Een luchtwaardig luchtvaartuig is een luchtvaartuig dat veilig is om mee te vliegen. Voor niet-EASA-luchtvaartuigen is de eigenaar verantwoordelijk voor de luchtwaardigheid. U moet bij het Directoraat-generaal Luchtvaart (DG Luchtvaart) de toelating tot het luchtverkeer, dat wil zeggen de vliegtoelating, aanvragen. Het DG luchtvaart voert vervolgens een technische controle uit. Als het luchtvaartuig in orde is, krijgt u een van de volgende toelatingen.

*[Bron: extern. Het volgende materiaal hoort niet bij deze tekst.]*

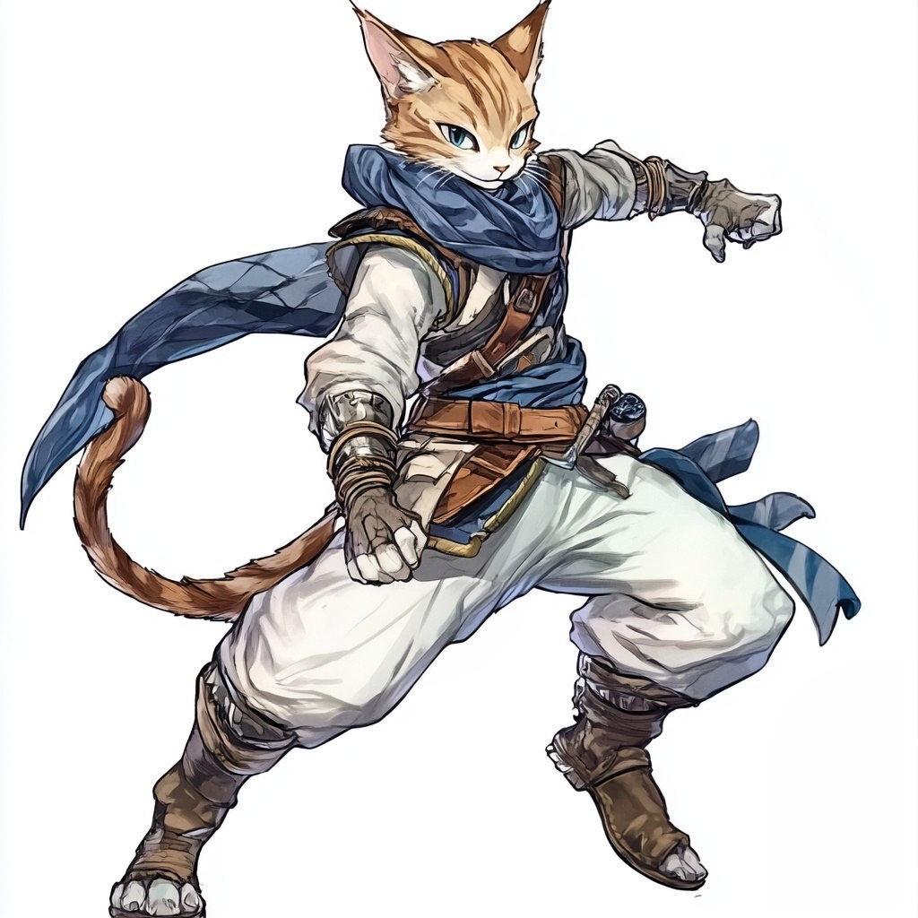 Создано на основе запроса: Fantasy concept illustration, Male, Humanoid cat, Tabaxi, Tail, Lynx type fur, Graceful, Smart, No weapon, European medieval travel style, White background, High quality, Exaggerated Jumping Pose --- Автоперевод: Фэнтезийная концепция иллюстрация, мужчина, гуманоидный кот, табакси, хвост, мех типа рыса, изящный, умный, без оружия, европейский стиль средневекового путешествия, белый фон, высокое качество, преувеличенная поза прыжков Как тебе вариант? 🤔 https://dzen.ru/id/65c0c65c86e4f837c27b24d7 #ИИ #AI #нейросеть #midjourney #art

Welk niet-EASA-luchtvaartuig? Welke toelating? Hoe aanvragen?
Amateurconstructies Beperkt luchtwaardigheidsbewijs Amateurconstructies
Historische luchtvaartuigen Beperkt luchtwaardigheidsbewijs Historische luchtvaartuigen
ULM’s Beperkte toelating tot het luchtverkeer ULM’s
Paramotoren Niet van toepassing
Andere luchtvaartuigen ICAO-luchtwaardigheidsbewijs Luchtwaardigheidsbewijs voor niet-EASA-luchtvaartuigen

Als een luchtwaardigheidsbewijs niet mogelijk is, kunt u in bepaalde gevallen met een luchtvaartpas een tijdelijke vliegtoelating krijgen.

Het DG Luchtvaart voert jaarlijks een technische controle uit om het luchtwaardigheidsbewijs te verlengen, behalve voor ultralichte motorluchtvaartuigen (ULM’s).

Maintenance buiten België

Sommige eigenaars verkiezen soms onderhoudswerkzaamheden op hun luchtvaartuig of zijn uitrustingen te laten uitvoeren door personen of organisaties die in België niet erkend zijn.

Bij voorrang zal de eigenaar beroep maken aan een organisatie die volgens het reglement EASA Part M Subpart F, Part 145 of Part CAO erkend is.

Wanneer de eigenaar beroep maakt aan een onderhoudsorganisatie die alleen houder is van een nationale erkenning in zijn land, dit erkenning moet, op voorhand, door het Directoraat Flight Standards van het DGLV goedgekeurd worden.

De werken moeten in elk geval volgens de technische vereisten van de Belgische wetgeving worden uitgevoerd.

De eigenaar of de exploitant van het luchtvaartuig is verantwoordelijk om de buitenlandse persoon of organisatie in te lichten over de Belgische vereisten betreffende het onderhoud van luchtvaartuigen "annex I" niet gebruikt in het handelsluchtvervoer en hun uitrustingen.